Regarding agitations, BJYM is the leading front of the party in West Bengal, raising issues like corruption and holding protests in a major way. In Rajasthan, the Yuva Morcha has been on the ground continuously in the last two years.
In the south of India – whether it is Telangana, Kerala, Tamil Nadu, Karnataka or Andhra Pradesh – we are trying to further strengthen the organisation as there is great scope of growth in these states. We have also started a campaign called the ‘Sushasan Yatra’. From all over the country, we choose 50-60 karyakartas and send them on organisational visits to different parts of the country in BJP-ruled states. They study good governance practices in these states.
A lot of post-poll violence took place in West Bengal. Several BJP workers were allegedly killed and injured and many women were gang-raped, a matter which is in the Supreme Court. How is the BJYM dealing with the situation and are workers feeling demoralised and threatened?

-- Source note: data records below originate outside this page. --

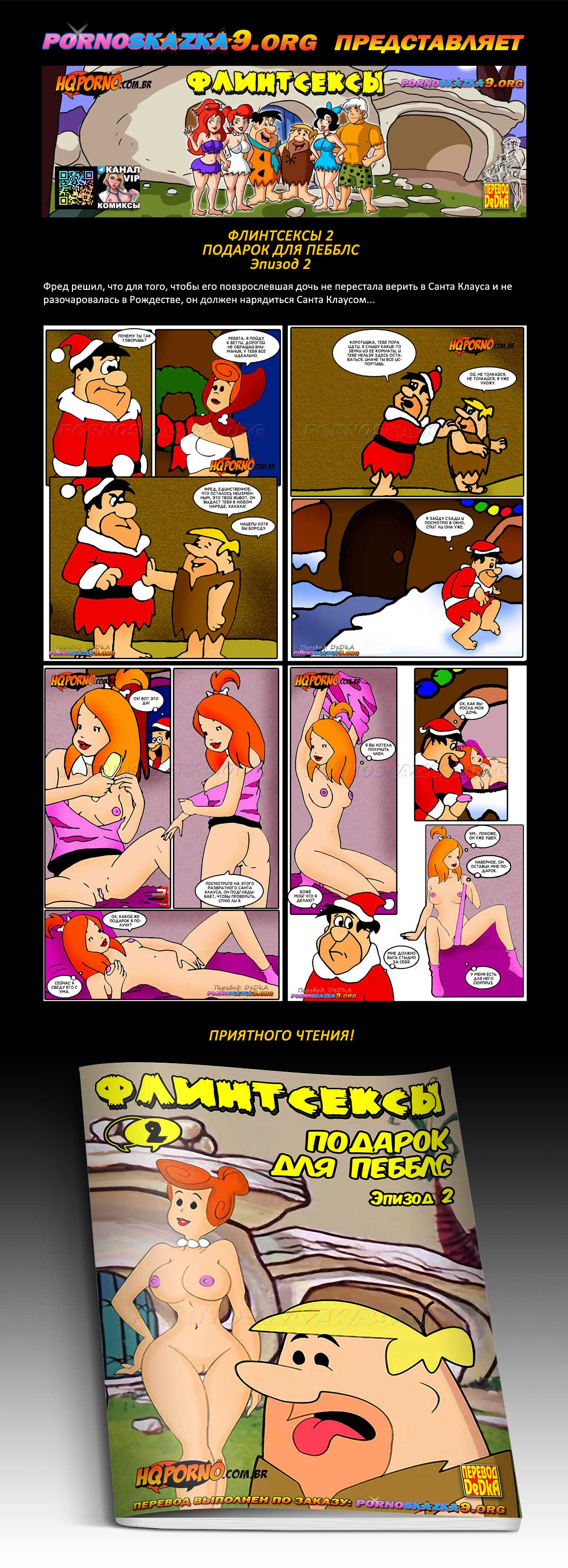 Порно комикс «Флинтсексы. Часть 2. Подарок для Пебблс. Эпизод 2. Флинстоуны.» Фред решил, что для того, чтобы его повзрослевшая дочь не перестала верить в Санта Клауса и не разочаровалась в Рождестве, он должен нарядиться Санта Клаусом…
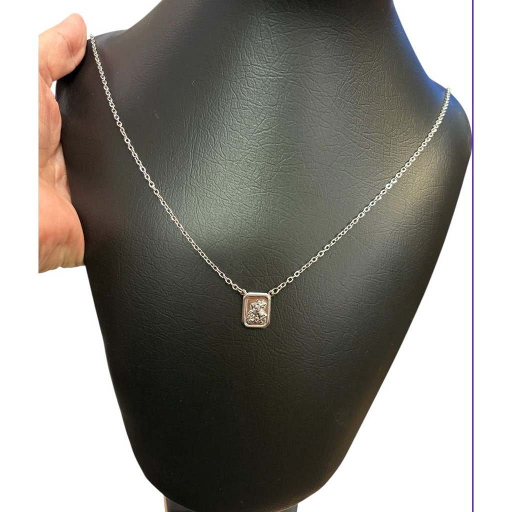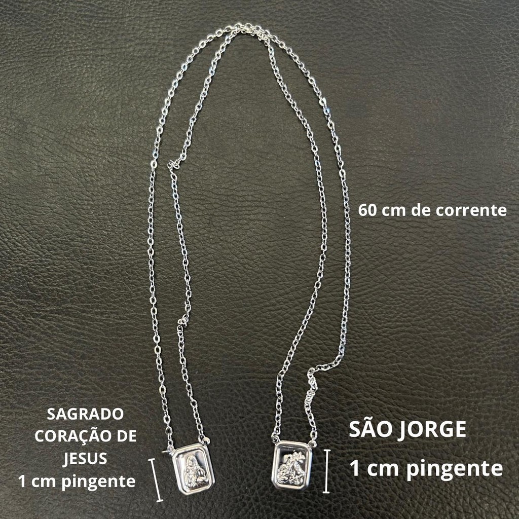 Colar Corrente Escapulário Em Aço Inox São Jorge 60 Cm Hipoalergênico
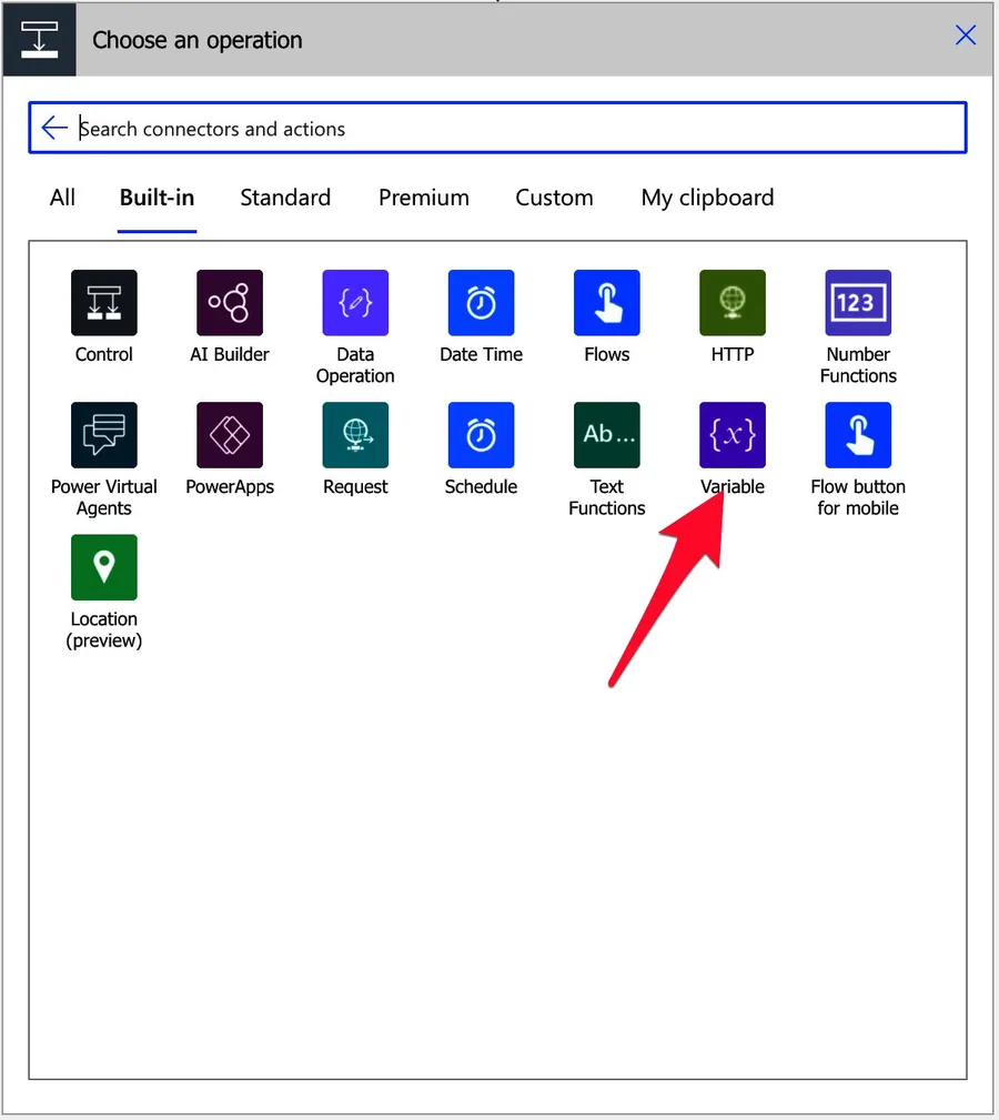 To find it, you can search for "Set variable" action or go to "Built-in":

Starting from the PM to (Union home minister) Amit Shah ji and BJP national president JP Nadda ji, all of the top leaders went to West Bengal. They met our cadre and instilled strength and hope in them. Even today, the party's senior leadership stands alongside the karyakartas of West Bengal or Kerala where they are fighting very steep battles. The leadership is supporting their family, helping the legal fight inside the courts and is giving all kinds of support for all the struggles they are facing. In places where there is physical threat to our karyakartas, they are provided shelter and financial support by karyakartas of other states.
If there is a grave threat to life or property of even a junior karyakarta at a small booth in West Bengal, I have seen Amit Shah ji immediately and directly taking personal interest in protecting him. This is the kind of commitment the party has shown. We will stand by our karyakartas and provide them financial, legal, social, ethical and moral support.